Your objective
Nothing but the lines from the first line of the records through the line with "Ooh, Geocities, such" should be output, exactly as written and free of pictures.

START Material supplied

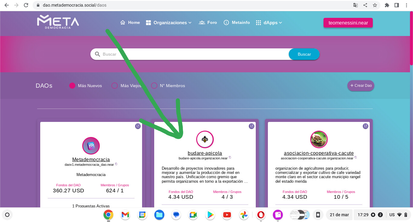 Vamos a ingresar en el sistema de organizaciones descentralizadas METADEMOCRACIA para crear una propuesta de agregarnos como miembros del Budare APICOLA
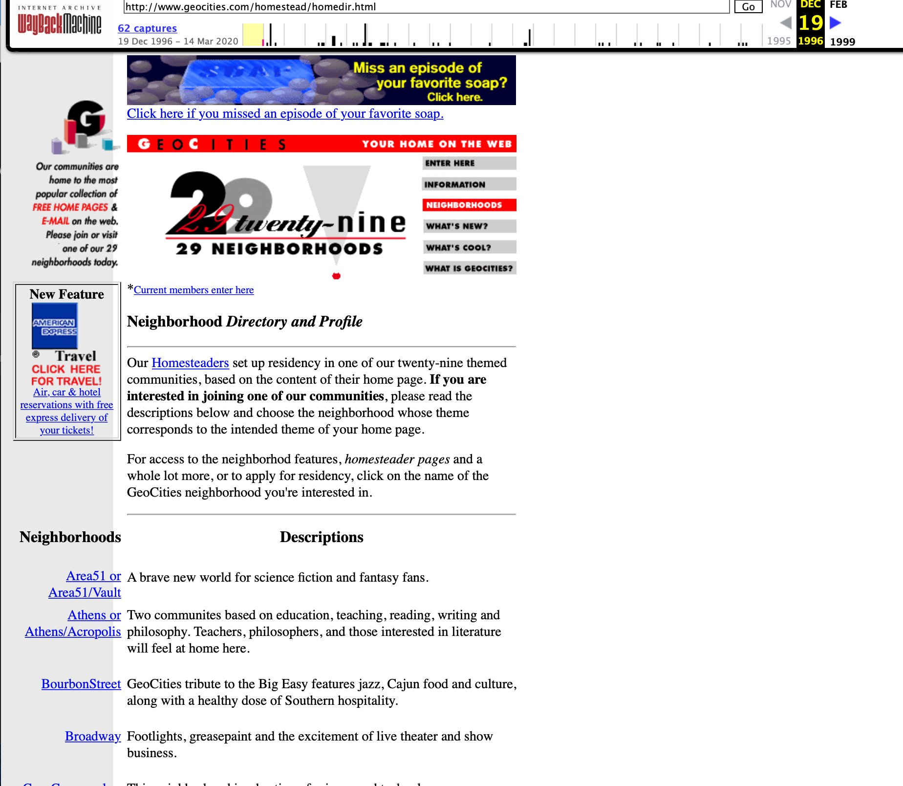 Ooh, Geocities, such a 90s thing. A utopian take on having different tribes and communities(there was already such a diverse bunch) have clusters of home pages.
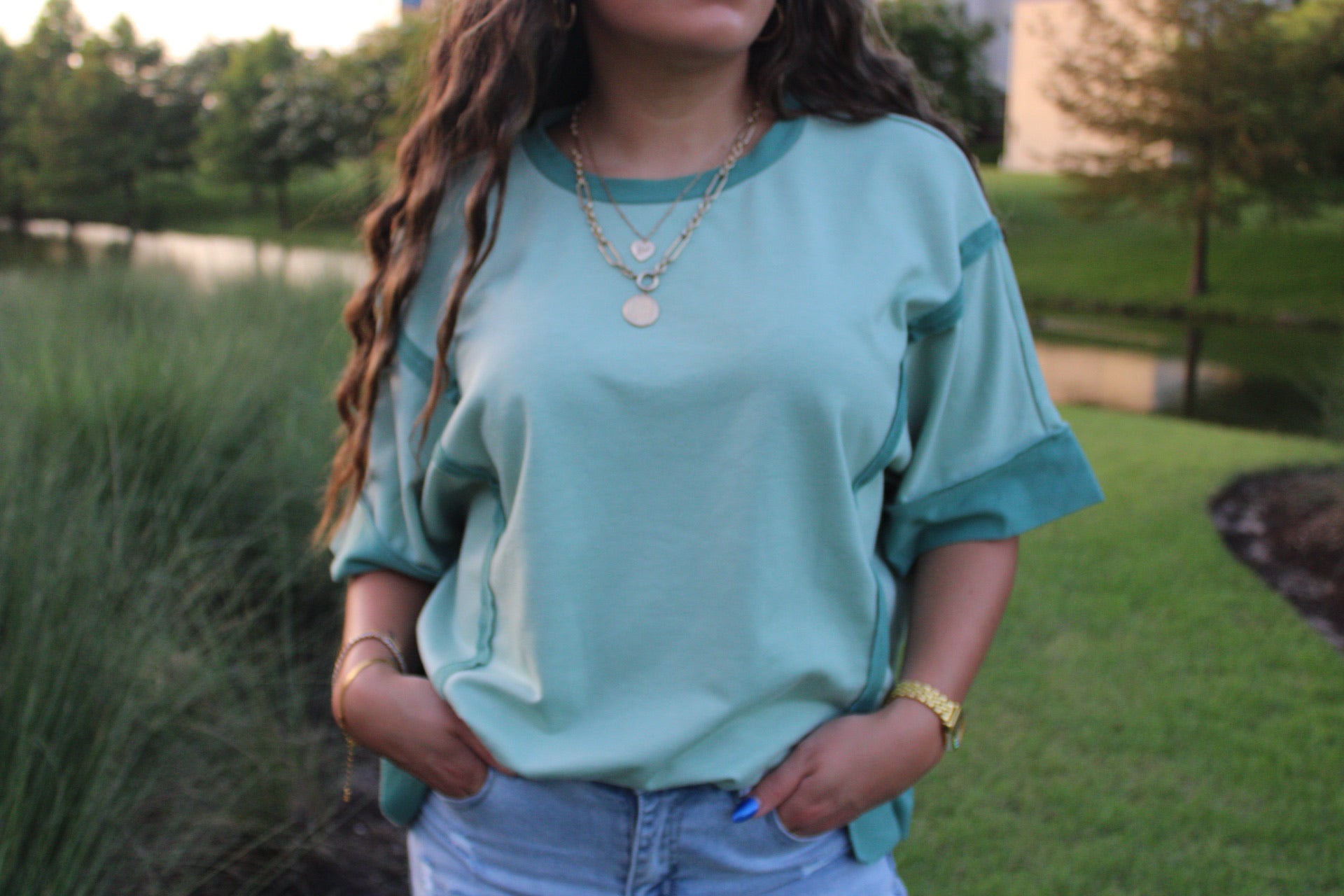 The shirt in the image is a relaxed-fit, in a soft teal or light seafoam green color. It has a slightly boxy silhouette with dropped shoulders and wide sleeves, giving it a casual yet elevated feel. The fabric has a subtle sheen, which adds a touch of sophistication. It's styled with a tucked-in front and left untucked in the back, emphasizing a laid-back but stylish vibe. Perfect for both day outings and dressed-up casual looks.
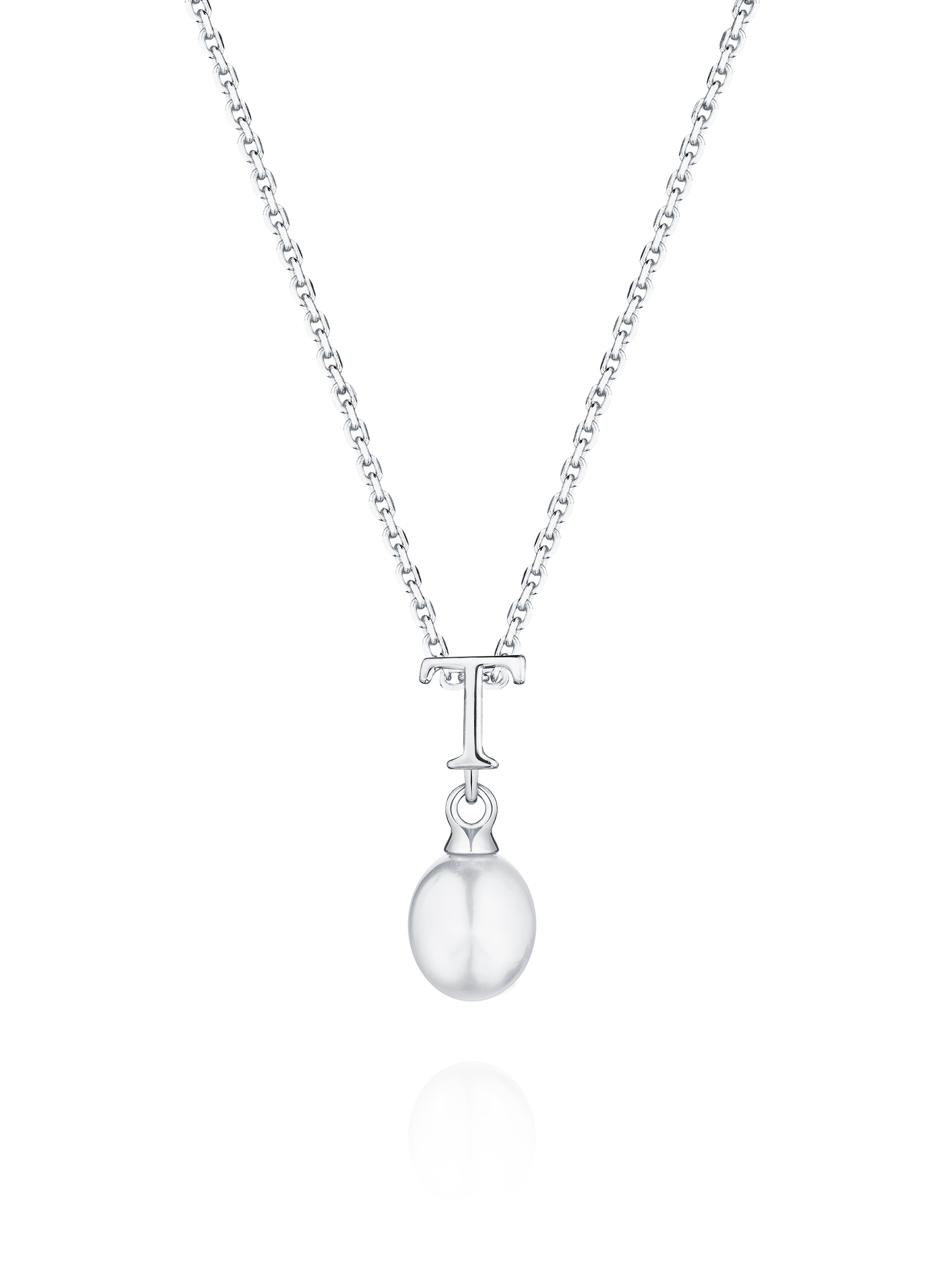 Silver necklace with a pendant with the letter T and a pearl
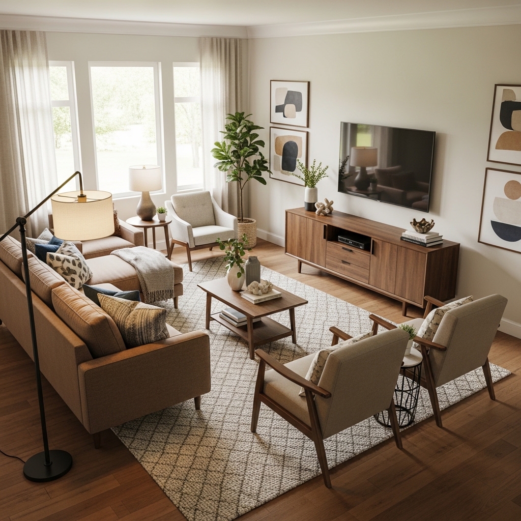 Mistake to Avoid: Do not choose a sofa deeper than 24 inches for a conversation-focused room. Guests will recline instead of talk.
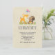 En födelsedagsinbjudan med en söt illustration som visar en liten hjort och en liten ekorre som håller en ekollong och en fjäril som flyger ovanför deras huvuden. Dessa bedårande skogsdjur står på lite gräs med några fantasifulla svampar vid fötterna.
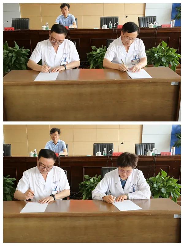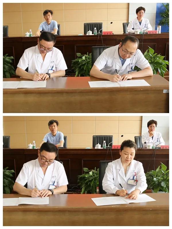 院党委副书记、院长马建新与中层干部代表签订《2021年中层干部综合目标管理责任书》

END Material supplied

Exercise response
 Vamos a ingresar en el sistema de organizaciones descentralizadas METADEMOCRACIA para crear una propuesta de agregarnos como miembros del Budare APICOLA
 Ooh, Geocities, such a 90s thing. A utopian take on having different tribes and communities(there was already such a diverse bunch) have clusters of home pages.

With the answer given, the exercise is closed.